Example 2: Analysis from visual field data from a cross-sectional study
Data were from 394 eyes of 197 patients aged 65 years or older who were seen for glaucoma treatment or were evaluated for a possible diagnosis of glaucoma in the Glaucoma Consultation Service of the Massachusetts Eye and Ear Infirmary. All patients had perimetry via an Octopus perimeter (Haag-Streit AG, Koeniz, Switzerland[AU: confirm?]) in each eye.7–8 The percentage of normal visual field in an eye was calculated as the average threshold in the central 30° standardized by the normal value for a 65-year-old person. Distance visual acuity was assessed with the use of spectacles with and without pinhole, and the better of the two measures was taken as the Snellen visual acuity in an eye. Visual acuity was then transformed to a measure of percent impairment. Other measures assessed at the glaucoma examination included lens status in each eye and history of systemic hypertension. We are interested in determining the factors associated with visual field data, including person-specific factors (age, sex, and hypertension status) and eye-specific factors (lens status and visual acuity).
RESULTS
Comparison of refractive error in study eyes with CNV and fellow eyes without CNV in the CATT
Among 1,185 CATT participants randomized, 355 participants had active CNV only in the study eye and were pseudophakic in both eyes at baseline. The distributions of baseline refractive error in study eyes with CNV and their fellow eyes without CNV are shown in Figure 1.

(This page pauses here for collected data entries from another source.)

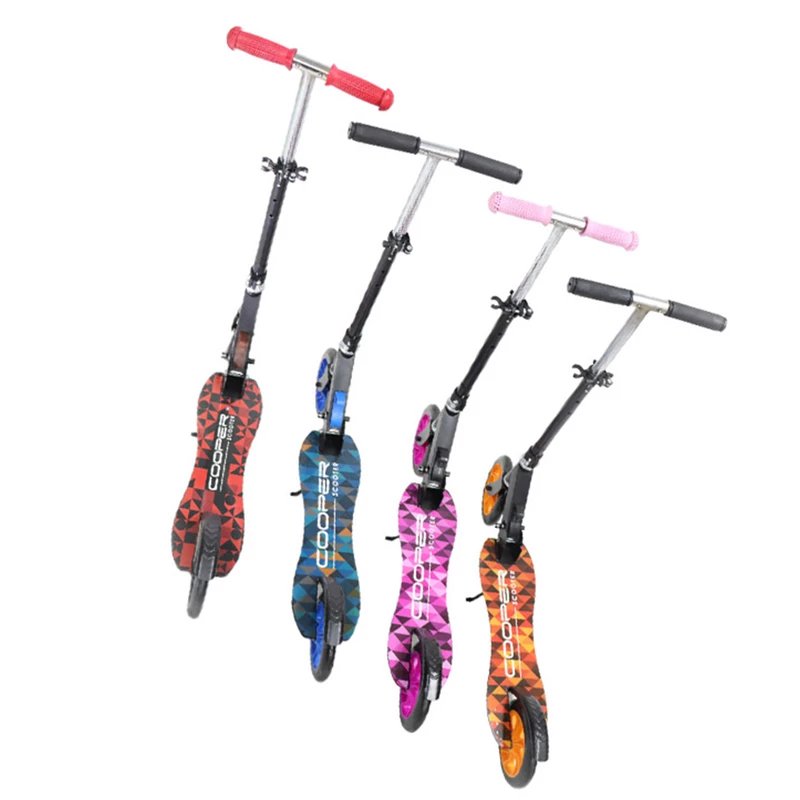 «اسکوتر دوچرخ مدل کوپر Cooper انتخابی مناسب و هیجان‌انگیز برای لذت بردن از این ورزش مهیج است. این اسکوتر از بدنه‌ای آلومینیومی تشکیل‌شده که هم از ایجاد زنگ‌زدگی جلوگیری کرده هم دوام و مقاومت اسکوتر را در برابر ضربه و فشار نیز محافظت خواهد کرد. آلومینیوم به دلیل استحکامی که دارد عمری طولانی نیز به این اسکوتر بخشیده است. این اسکوتر دارای فناوری بوده که می‌توانید به‌راحتی فرمانش را به 4 حالت مختلف نیز تنظیم کرده و راحتی بیشتری را برای خود مهیا کنید.اسکوتر دارای مزیت هایی میباشد که آن را تسبت ب دیگر اسکوترهای موجود متمایز میکند.یکی از مزیت های این اسکوتر جنس آن میباشد،مزیت دیگر آن نیز دو کمک فنر تعبیه شده در جولو و کفه ی اسکوتر که باعث نرم شدن و دفع ضربه های کف زمین و همچنین تحمل وزن بیشتر میباشد،مزیت دیگر آن چرخ225 میلی متری آن میباشد که با پهنای بیشتر خود باعث طول عمر بیشتر و همچنین نرمی و زیبایی بیشتر میشود.گفتنی است که اسکوتر را می‌توانید تا کرده و در اتومبیل یا جای مورد نظرتان قرار دهید. این را باید گفت که جنس دستگیره فرمان آن از پلاستیک بوده که از ایجاد تعریق جلوگیری کرده همچنین در استفاده طولانی‌ مدت پاره یا ساییده نخواهد شد.همچنین در قسمت گلگیر عقب اسکوتر یک چراغ شبرنگ قرار گرفته که دلر تاریکی شب برق میزند و باعث میشود در شب نیز دیده شود. این اسکوتر انتخاب مناسبی برای ورزش کردن و تفریح بوده تا از اوقات فراغت لذت ببرید. همچنین این اسکوتر دارای تحمل وزن تا 100 کیلوگرم نیز میباشد.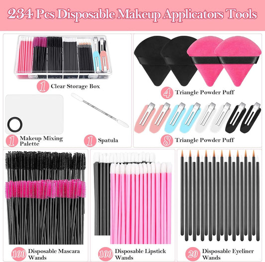 Disposable Applicators Kit with Makeup Puff, Mixing Palette, Artist Supplies, Accessories, Mascara Wands, Lip Brushes, Hair Clips, Powder Puffs for Face with Storage Box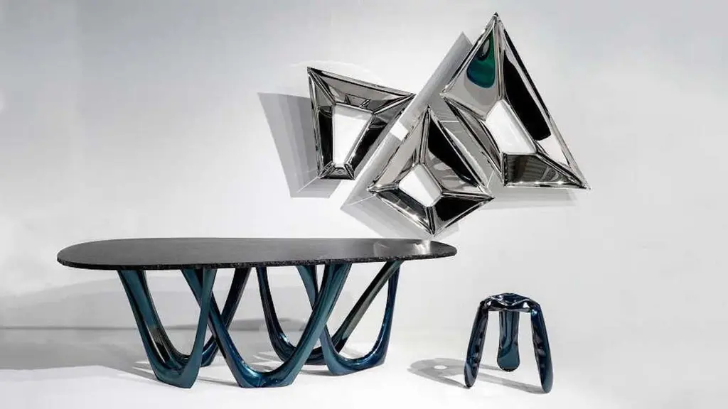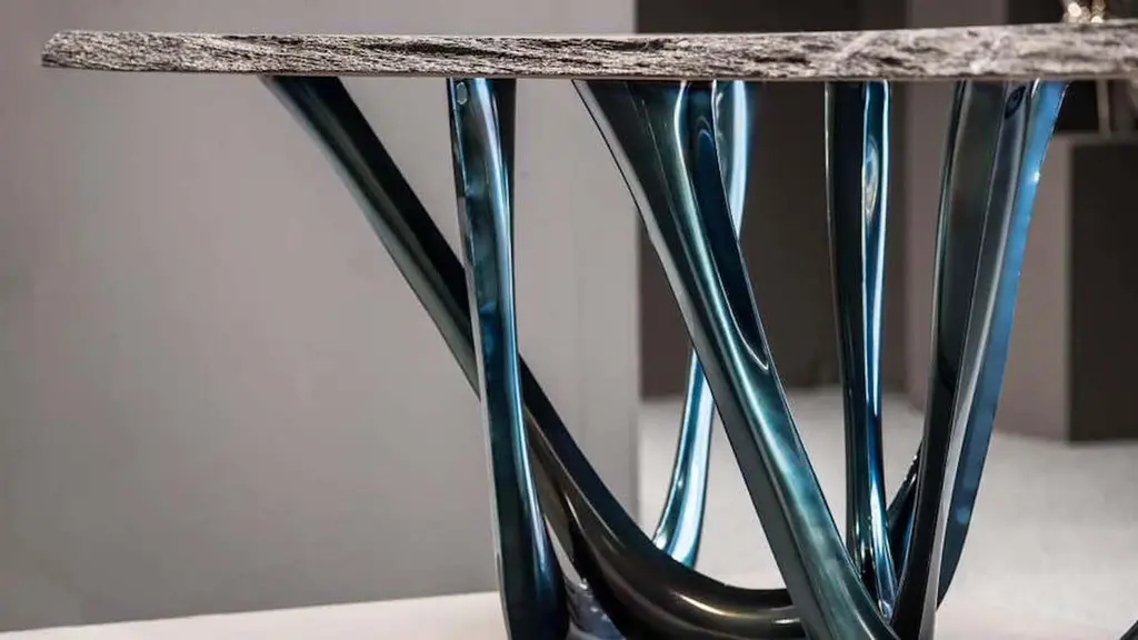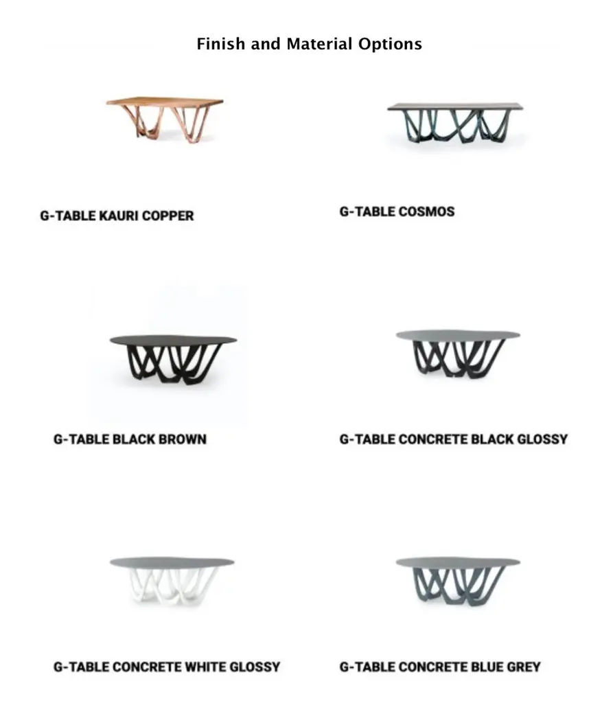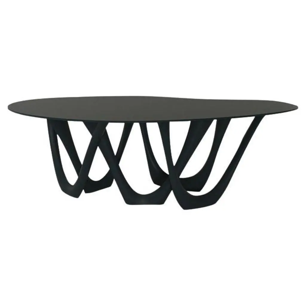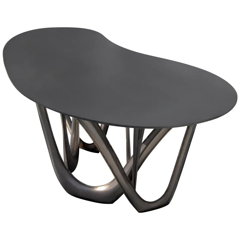 Zieta uses parametric design software to generate G-Table form. Modifying a few variables lets us create a miniature model as well as a huge pavilion. Delicate structure of table legs may become stocky and dominating. All those factors cause G-Table to be not only an effect of the process, but also a process itself. G-Table’s base consists of parabolic forms. Made with FiDU technology, it reminds of vines or tree roots. Nature symbolizes a constant changeability and harmony that comes out of it. Diverse structure of G-Table refers to both natural forms and processes.Bionic:Zieta has created a new way of generating bionic objects. With parametric and generative design we are able to create endless generations of new products and constructions. As a result, we are able to create smooth, elegant and gentle forms which at the same time remain stabile, durable and functional. We use generated forms as table constructions supporting custom table tops.Customization:Zieta uses computer-controlled parametric program to generate constructions and art forms. By modifying five features we are able to generate tailored parametric arches, that are not limited in scale. They can create basis for table tops as well as huge pavilions. Zieta plays with scales and sizes in every dimension.FIDU:Thanks to the common factor which is the FiDU technology, the world of design, art and technology are combined. The free inner pressure deformation gives every object a special and unique form of revealing the true face of the metal.This table consists of granite tabletop and carbon steel tablebase in Cosmic Blue finish/ color.Design, color, finish, and size are customizable.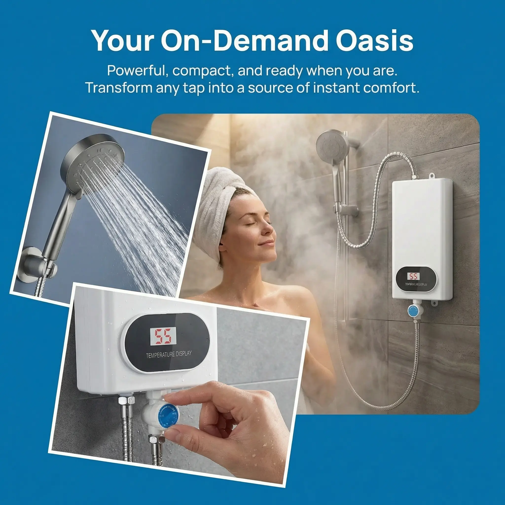This3500W electric tankless water heaterdeliversinstant hot water on demand, so you get a comfortable experience anytime-without bulky tanks or delays.

Because of the paired design (study eye with CNV, fellow eye without CNV) and the fact that the distribution of baseline refractive error is approximately normally distributed, the simplest analysis is to use a paired t-test to assess the mean difference in refractive error between study eyes and fellow eyes.
The mean baseline refractive error was 0.12D (standard deviation, SD 1.17D) in study eyes with CNV, and −0.03D (SD 1.21D) in the fellow eyes without CNV. The inter-class correlation coefficient between the study eyes and fellow eyes was 0.43 (95% confidence interval, CI, 0.35–0.52), so the statistical analysis needs to account for the inter-eye correlation in baseline refractive error.
The mean difference between study eyes and fellow eyes was 0.15 (95% CI 0.02–0.28), and the paired t-test provided a P-value of 0.02. An equivalent analysis is to calculate the refractive error difference between paired study eye and fellow eye for each participant, then perform a one sample t-test on the differences (which had a symmetric distribution as shown in Figure 2) to test whether the mean difference was statistically different from 0 or not.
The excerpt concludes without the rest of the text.